**Dataset extract**.

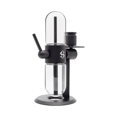 Zwei miteinander verbundene Glasgefäße rotieren um 360 Grad. Beim Kippen fließt Wasser und erzeugt durch Sog einen gleichmäßigen Dampfzug. Als Vaporizer wird eine externe Wärmequelle (Butangas-Brenner oder DynaVap-Heater) auf den Einlass gesetzt.
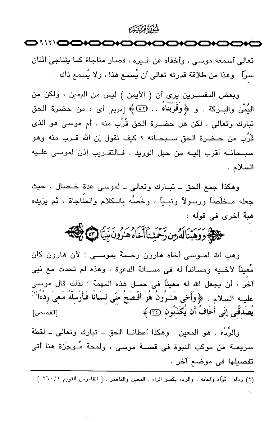 وبعض المفسرين يرى أن (الأيمن) ليس من اليمين، ولكن من اليُمْن والبركة. و {وَقَرَّبْنَاهُ} [مريم: 52] أي: من حضرة الحق تبارك وتعالى. لكن هل حضرة الحق قُرْب منه، أم موسى هو الذي قَرُب من حضرة الحق سبحانه؟ كيف نقول إن الله قرب منه وهو سبحانه أقرب إليه من حبل الوريد، فالتقريب إذن لموسى عليه السلام.
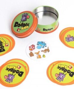 W instrukcji znajdziecie pięć różnych minigier, ta opisana powyżej jest najprostsza i najpopularniejsza. Czym “Dobble Kids” różni się od “Dobble”? Wszystkie symbole to zwierzęta, bardzo charakterystycznie narysowane, co pozwala dzieciom nie tylko szybko odnaleźć w myślach odpowiednie słowo, by nazwać zwierzę, ale też utrwala im nazewnictwo. Dlaczego musisz mieć tę grę? Żadna inna gra nie rozrusza towarzystwa tak jak “Dobble”. Żadna nie jest tak prosta i nie daje tyle zabawy w ciągu tych kilku minut! Rozgrywka jest bardzo szybka, emocjonująca, przy stole dużo się dzieje, każdy krzyczy starając się jakoś nazwać pasujące obrazki i być przy tym szybszym od innych graczy. Tylko “Dobble” tłumaczy się w minutę! Żadna inna gra nie jest tak mała, że można wziąć ją wszędzie i nie ma tak trwałego, metalowego pudełka, które wytrzyma wiele.
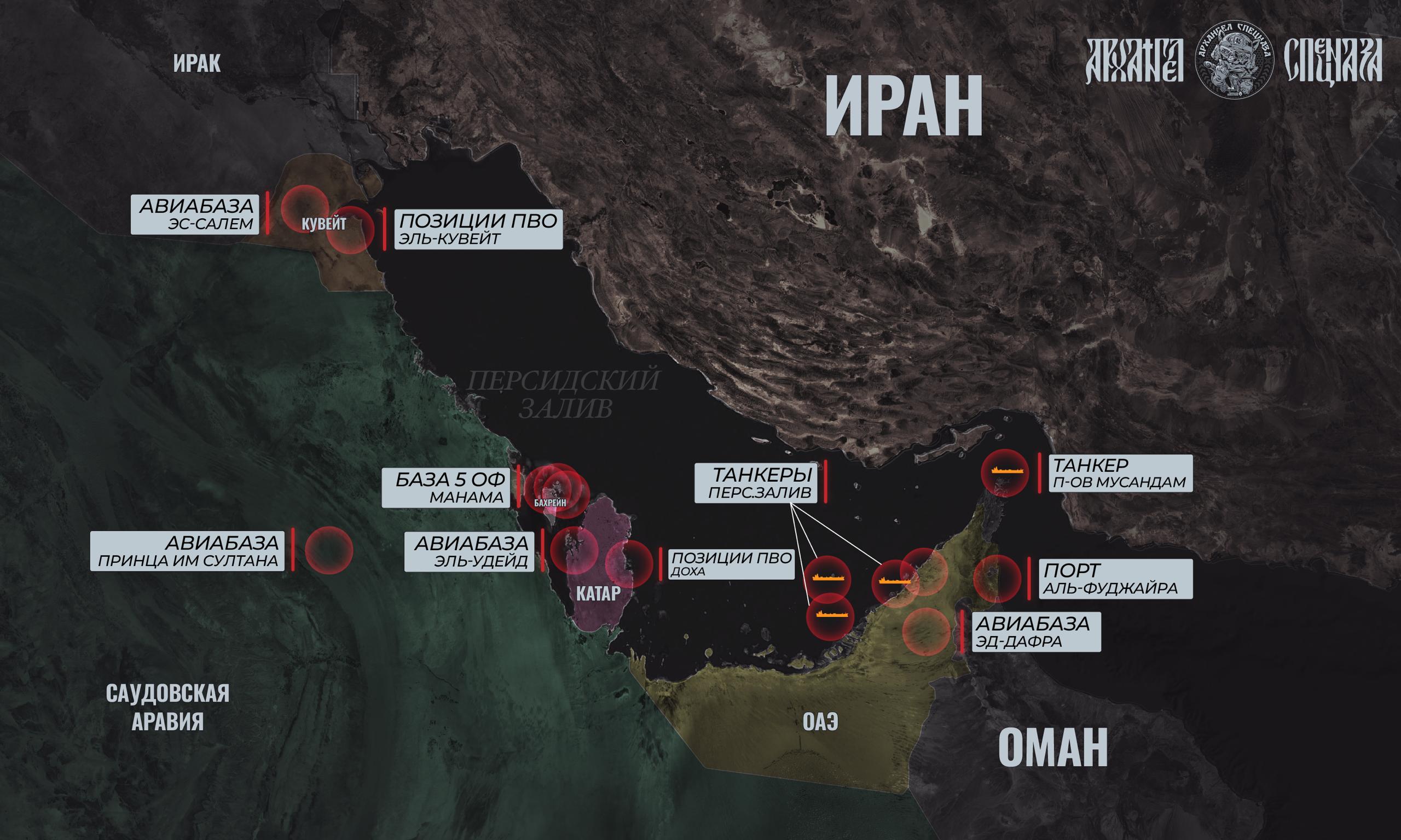 По данным на текущий момент нанесены удары по как минимум 4 танкерам. Один в Ормузском проливе у полуострова Мусандам, три других у берегов ОАЭ.
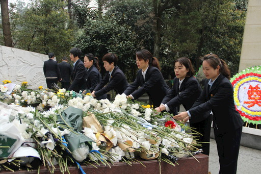 安吉县支行的党员们向革命先烈献花。
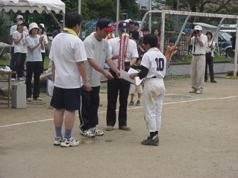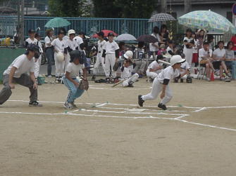 1週間の順延や当日も雷雨により一時中断を余儀なくされるなど、今年は雨にたたられた大会となりましたが、大会関係者の皆さんのご協力によって、何とか校区大会を7/20に終えることができました。 特に、雷雨の後、役員の皆さんによる懸命の水取り作業のおかげで実施することができた決勝戦では、万全とはいえないグラウンドコンディションの中、果敢にダイビングキャッチやスライディングを試み、優勝を目指して一生懸命プレーする選手達の姿が見受けられました。 約2ヶ月間に及ぶ練習を積んできたことに対する万感の思いと相まって、試合後は勝って泣く子、負けて泣く子、まさに悲喜こもごもで、そんな涙する子どもたちの姿に思わず熱いものがこみ上げてきました。 少子化の影響を受け、今年はチーム編成の地区割を変更せざるをえなくなるなど、今後の大会運営が懸念されますが、やりたいと願う子どもたちがいる限り、何とか頑張って続けていきたいなぁとあらためて思った次第です。
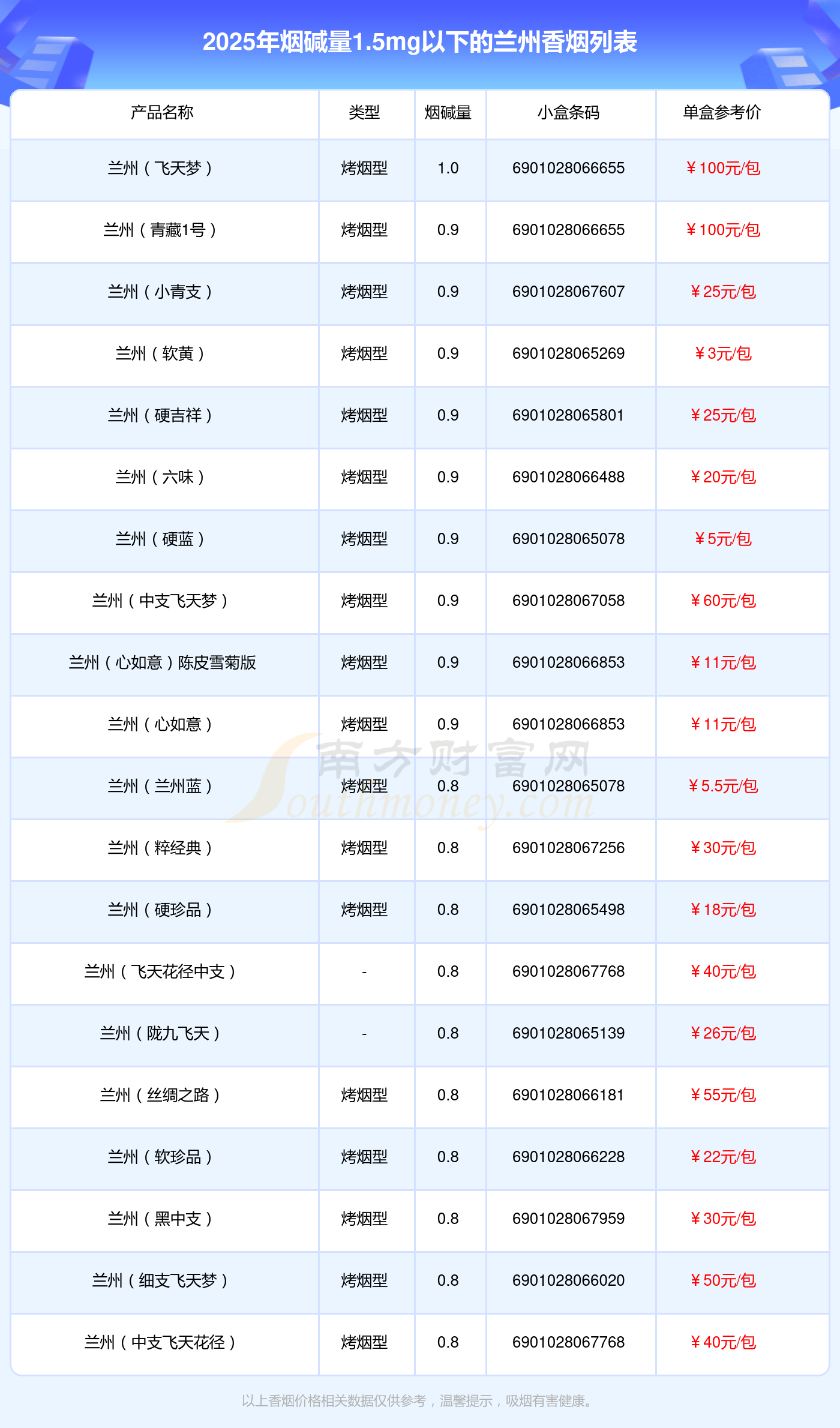 蘭州(飛天夢)參考價100.0元/包、蘭州(青藏1號)參考價100元/包、蘭州(小青支)參考價25元/包、蘭州(軟黃)參考價3.0元/包、蘭州(硬吉祥)參考價25.0元/包、蘭州(六味)參考價20.0元/包、蘭州(硬藍)參考價5.0元/包、蘭州(中支飛天夢)參考價60.0元/包、蘭州(心如意)陳皮雪菊版參考價11.0元/包、蘭州(心如意)參考價11.0元/包等。
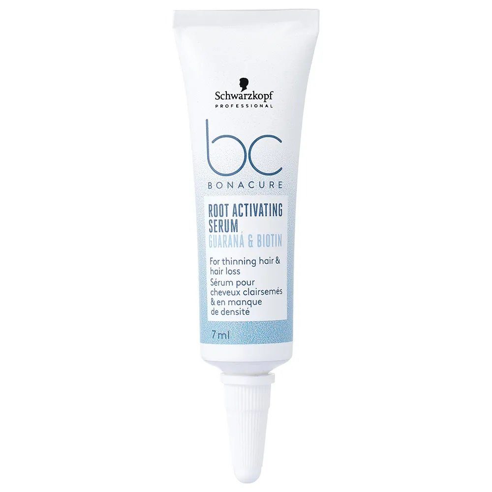 Das speziell für schwaches und schütter werdendes Haar entwickelte Schwarzkopf BC Bonacure Root Activating Serum reduziert nicht pathologischen Haarausfall. Die einzigartige Kombination von Inhaltsstoffen in der schnell einziehenden, frei von Sulfaten, Silikonen, Parabenen und veganen Formulierung mit Superfood-Komplex aktiviert die Haarwurzeln und stimuliert die Kopfhaut. Angereichert mit Guaraná und Biotin sorgt es für mehr Fülle und verbessert gleichzeitig die Qualität und Vitalität des Haares. Die Kopfhaut wird wieder ins Gleichgewicht gebracht und der zukünftige Zustand des Haares wird verbessert. Für die tägliche Anwendung geeignet.
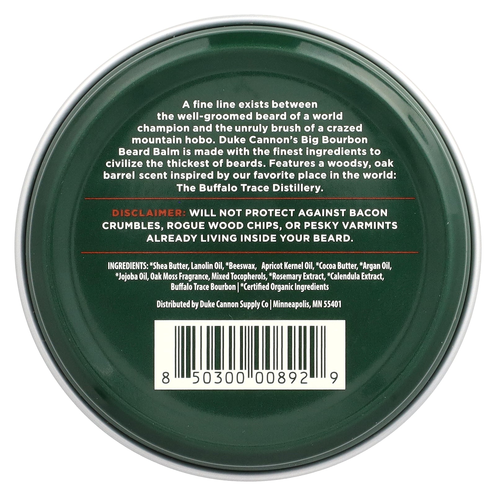 A fine line exists between the well-groomed beard of a world champion and the unruly brush of a crazed mountain hobo. Duke Cannon's Big Bourbon Beard Balm is made with the finest ingredients to civilize the thickest of beards. Features a woodsy, oak barrel scent inspired by our favorite place in the world: The Buffalo Trace Distillery.
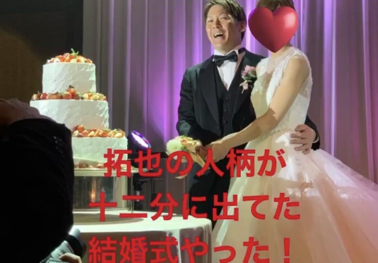 プライバシーを尊重した対応ですね。ただ、結婚式(2019年頃)の様子が一部関係者のInstagramやファンブログに残っていて、以下のような写真があります。ただ、妻の顔部分はハートで隠されていますね。

**What you are asked to do**. Keep the pictures out and write out the records exactly.

**Exercise result**.
 Zwei miteinander verbundene Glasgefäße rotieren um 360 Grad. Beim Kippen fließt Wasser und erzeugt durch Sog einen gleichmäßigen Dampfzug. Als Vaporizer wird eine externe Wärmequelle (Butangas-Brenner oder DynaVap-Heater) auf den Einlass gesetzt.
 وبعض المفسرين يرى أن (الأيمن) ليس من اليمين، ولكن من اليُمْن والبركة. و {وَقَرَّبْنَاهُ} [مريم: 52] أي: من حضرة الحق تبارك وتعالى. لكن هل حضرة الحق قُرْب منه، أم موسى هو الذي قَرُب من حضرة الحق سبحانه؟ كيف نقول إن الله قرب منه وهو سبحانه أقرب إليه من حبل الوريد، فالتقريب إذن لموسى عليه السلام.
 W instrukcji znajdziecie pięć różnych minigier, ta opisana powyżej jest najprostsza i najpopularniejsza. Czym “Dobble Kids” różni się od “Dobble”? Wszystkie symbole to zwierzęta, bardzo charakterystycznie narysowane, co pozwala dzieciom nie tylko szybko odnaleźć w myślach odpowiednie słowo, by nazwać zwierzę, ale też utrwala im nazewnictwo. Dlaczego musisz mieć tę grę? Żadna inna gra nie rozrusza towarzystwa tak jak “Dobble”. Żadna nie jest tak prosta i nie daje tyle zabawy w ciągu tych kilku minut! Rozgrywka jest bardzo szybka, emocjonująca, przy stole dużo się dzieje, każdy krzyczy starając się jakoś nazwać pasujące obrazki i być przy tym szybszym od innych graczy. Tylko “Dobble” tłumaczy się w minutę! Żadna inna gra nie jest tak mała, że można wziąć ją wszędzie i nie ma tak trwałego, metalowego pudełka, które wytrzyma wiele.
 По данным на текущий момент нанесены удары по как минимум 4 танкерам. Один в Ормузском проливе у полуострова Мусандам, три других у берегов ОАЭ.
 安吉县支行的党员们向革命先烈献花。
 1週間の順延や当日も雷雨により一時中断を余儀なくされるなど、今年は雨にたたられた大会となりましたが、大会関係者の皆さんのご協力によって、何とか校区大会を7/20に終えることができました。 特に、雷雨の後、役員の皆さんによる懸命の水取り作業のおかげで実施することができた決勝戦では、万全とはいえないグラウンドコンディションの中、果敢にダイビングキャッチやスライディングを試み、優勝を目指して一生懸命プレーする選手達の姿が見受けられました。 約2ヶ月間に及ぶ練習を積んできたことに対する万感の思いと相まって、試合後は勝って泣く子、負けて泣く子、まさに悲喜こもごもで、そんな涙する子どもたちの姿に思わず熱いものがこみ上げてきました。 少子化の影響を受け、今年はチーム編成の地区割を変更せざるをえなくなるなど、今後の大会運営が懸念されますが、やりたいと願う子どもたちがいる限り、何とか頑張って続けていきたいなぁとあらためて思った次第です。
 蘭州(飛天夢)參考價100.0元/包、蘭州(青藏1號)參考價100元/包、蘭州(小青支)參考價25元/包、蘭州(軟黃)參考價3.0元/包、蘭州(硬吉祥)參考價25.0元/包、蘭州(六味)參考價20.0元/包、蘭州(硬藍)參考價5.0元/包、蘭州(中支飛天夢)參考價60.0元/包、蘭州(心如意)陳皮雪菊版參考價11.0元/包、蘭州(心如意)參考價11.0元/包等。
 Das speziell für schwaches und schütter werdendes Haar entwickelte Schwarzkopf BC Bonacure Root Activating Serum reduziert nicht pathologischen Haarausfall. Die einzigartige Kombination von Inhaltsstoffen in der schnell einziehenden, frei von Sulfaten, Silikonen, Parabenen und veganen Formulierung mit Superfood-Komplex aktiviert die Haarwurzeln und stimuliert die Kopfhaut. Angereichert mit Guaraná und Biotin sorgt es für mehr Fülle und verbessert gleichzeitig die Qualität und Vitalität des Haares. Die Kopfhaut wird wieder ins Gleichgewicht gebracht und der zukünftige Zustand des Haares wird verbessert. Für die tägliche Anwendung geeignet.
 A fine line exists between the well-groomed beard of a world champion and the unruly brush of a crazed mountain hobo. Duke Cannon's Big Bourbon Beard Balm is made with the finest ingredients to civilize the thickest of beards. Features a woodsy, oak barrel scent inspired by our favorite place in the world: The Buffalo Trace Distillery.
 プライバシーを尊重した対応ですね。ただ、結婚式(2019年頃)の様子が一部関係者のInstagramやファンブログに残っていて、以下のような写真があります。ただ、妻の顔部分はハートで隠されていますね。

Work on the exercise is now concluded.